The task:
An exact transcription is needed, beginning at the line with "Parcelirano je na" and ending at the last line of the listing, with pictures left out and nothing else added.

Given information:

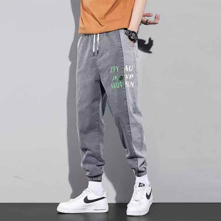 秋季新品复古网红男士大码松紧腰牛仔裤,独立包装带吊...
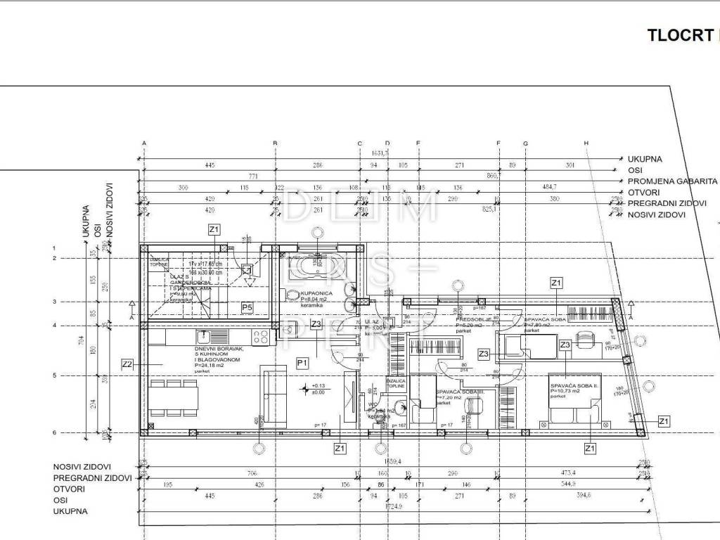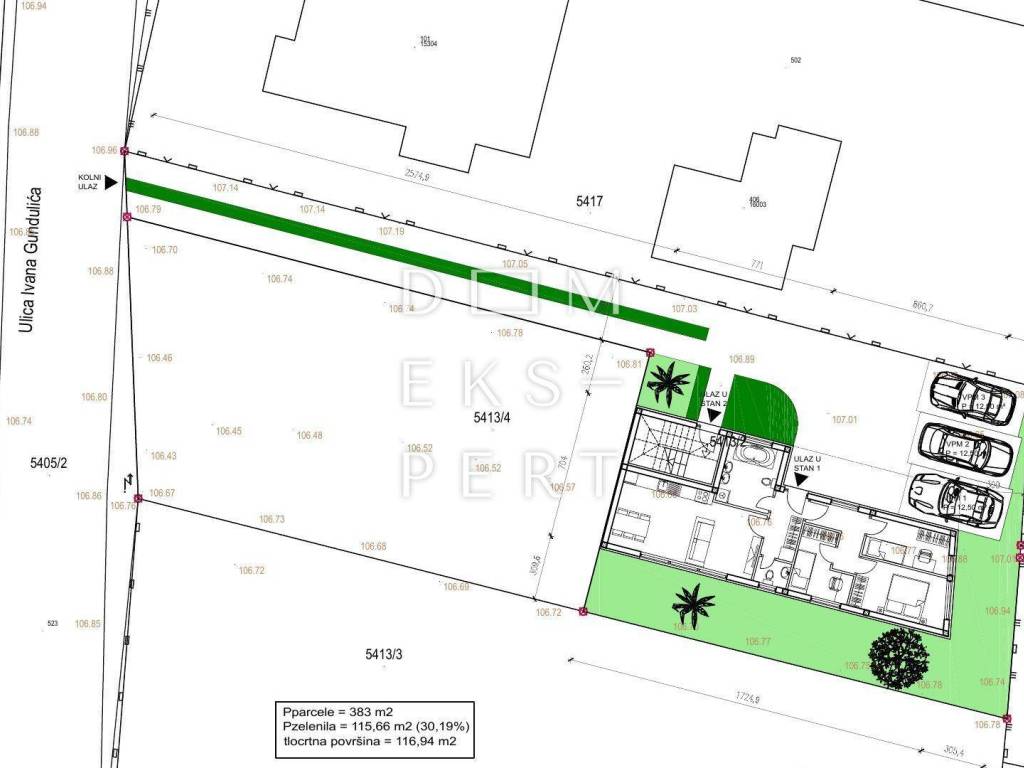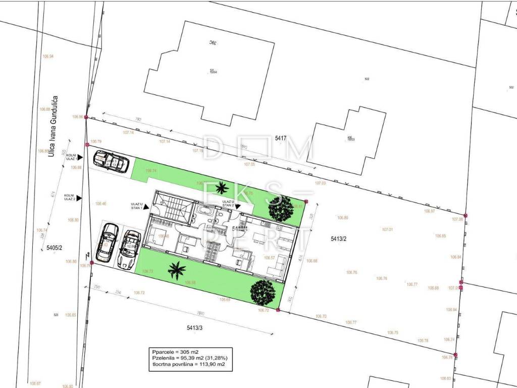 Parcelirano je na dvije čestice, a na svakoj čestici je predviđen po jedan objekt s dvije stambene jedinice.
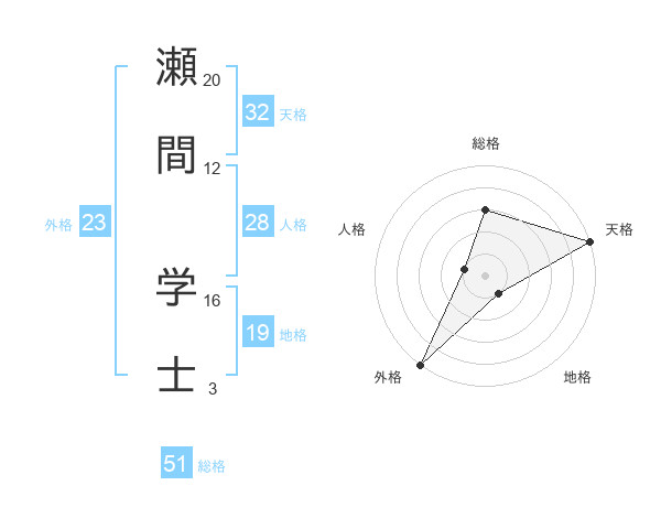 瀬間 学士さんを姓名の画数から五運を鑑定

Reply to the task:
 Parcelirano je na dvije čestice, a na svakoj čestici je predviđen po jedan objekt s dvije stambene jedinice.
 瀬間 学士さんを姓名の画数から五運を鑑定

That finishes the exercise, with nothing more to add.